The report additionally detailed Gaetz’s alleged use of medicine, together with cocaine, ecstasy and marijuana; accused him of accepting improper items within the type of transportation and lodging associated to a 2018 journey to the Bahamas that featured sexual encounters and drug use; and alleged that he used “the power of his office to assist a woman with whom he was engaged in a sexual relationship in obtaining an expedited passport,” regardless of that lady not being his constituent.
Prime Republicans couldn’t maintain a lid on the report
Prime Republicans tried to maintain a lid on the Gaetz report, however their efforts failed.
Speaker Mike Johnson (R-La.) urged the Ethics Committee to not launch its report into Gaetz after he was nominated by President-elect Trump to be legal professional basic.
On the time, he advised reporters: “I think it’s a terrible breach of protocol and tradition and the spirit of the rule of law” and known as the prospect of constructing the findings public “a terrible precedent to set.”
He re-upped that place a variety of occasions.
Rep. Michael Visitor (R-Miss.), the chair of the Ethics Committee, advised reporters he had “reservations about releasing any unfinished work” when requested Gaetz as soon as he was nominated to be legal professional basic.
Visitor then stated Gaetz’s choice to withdraw his title from consideration for the highest job on the Division of Justice “should end the discussion of whether or not the Ethics Committee should continue to move forward in this matter.”
On the finish of the day, nonetheless, Johnson and Visitor misplaced that battle, with no less than one Republican voting with all Democrats to launch the report.
On the evenly divided committee, a majority vote is required to launch studies.
Reps. Andrew Garbarino (R-N.Y.) and Dave Joyce (R-Ohio) voted in assist of publishing the findings, a supply confirmed to The Hill. Axios first reported these votes.
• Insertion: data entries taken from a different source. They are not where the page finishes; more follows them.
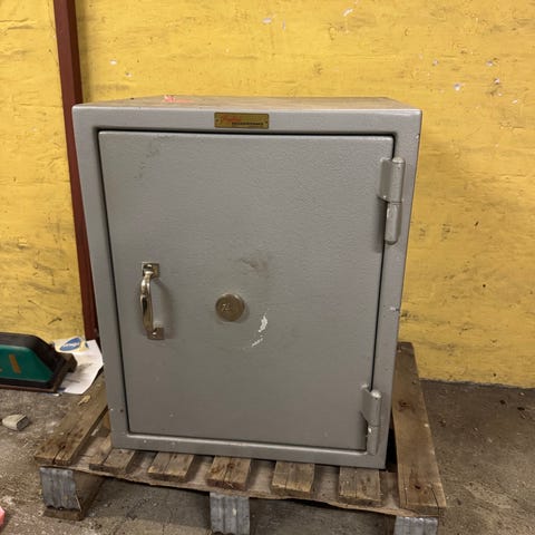 Køber henter skabet som står på en palle. Der er stabler til at løfte det op i bil eller trailer.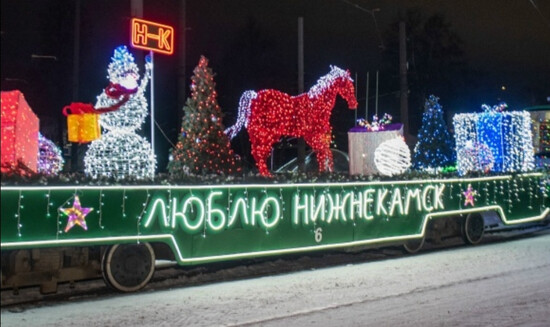 Комментарий: На фотографии изображён новогодний трамвай, который курсирует в городе Нижнекамск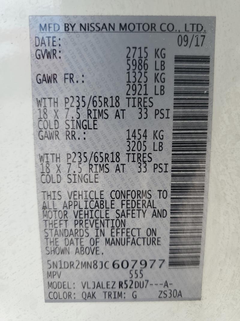 | VIN: | 5N1DR2MN8JC607977 |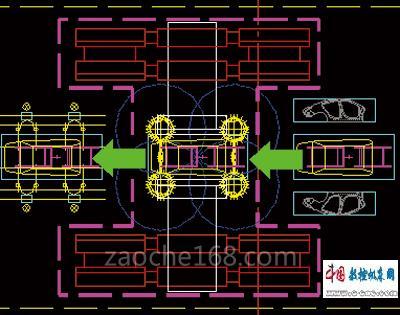 本体夹具采用平移式结构,每种车型配有一套侧围定位机构,分别存储在生产线的两侧,需要时前后移动到中间工作通道(如图5中间部分),换下的夹具从中间通道移到前后存储的位置,图5中可以存储4套定位侧围夹具,也能用新的夹具替换原来的夹具,增加了跟随市场变化的能力。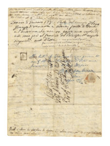 Al verso della seconda carta il nome ed il recapito del destinatario, insieme ad alcune note successive (antiche) di altre mani.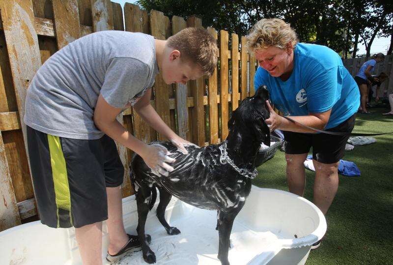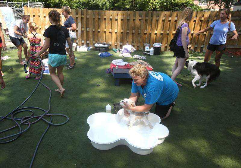 Katy Cushing, center, bathes a dog during a Charity Dog Wash and Adoption Event held Saturday at Closer Bond Dog Training in Palatine. Daniel White/dwhite@dailyherald.com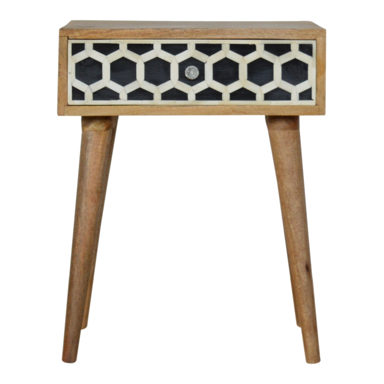 This versatile bedside table will prove handy all over your home. It has been constructed from 100% solid mango wood and has a fine oak-ish finish. It has 1 bone inlay drawer which has features a glass knob and 4 Scandinavian styled legs. Height: 57 cm, Width: 45 cm, Depth: 35 cm Carton Height: 35.0 cm, Carton Width: 55.0 cm, Carton Depth: 45.0 cm

The committee launched its report on Dec. 23, in the future earlier than Christmas Eve and at a time when each the Home and Senate are out of session.
The findings, nonetheless, nonetheless drew widespread headlines, and Visitor sharply criticized the final word choice to make the physique of labor public in a press release on behalf of those that opposed its launch.
“While we do not challenge the Committee’s findings, we take great exception that the majority deviated from the Committee’s well-established standards and voted to release a report on an individual no longer under the Committee’s jurisdiction, an action the Committee has not taken since 2006,” Visitor stated within the assertion, which was included within the closing report.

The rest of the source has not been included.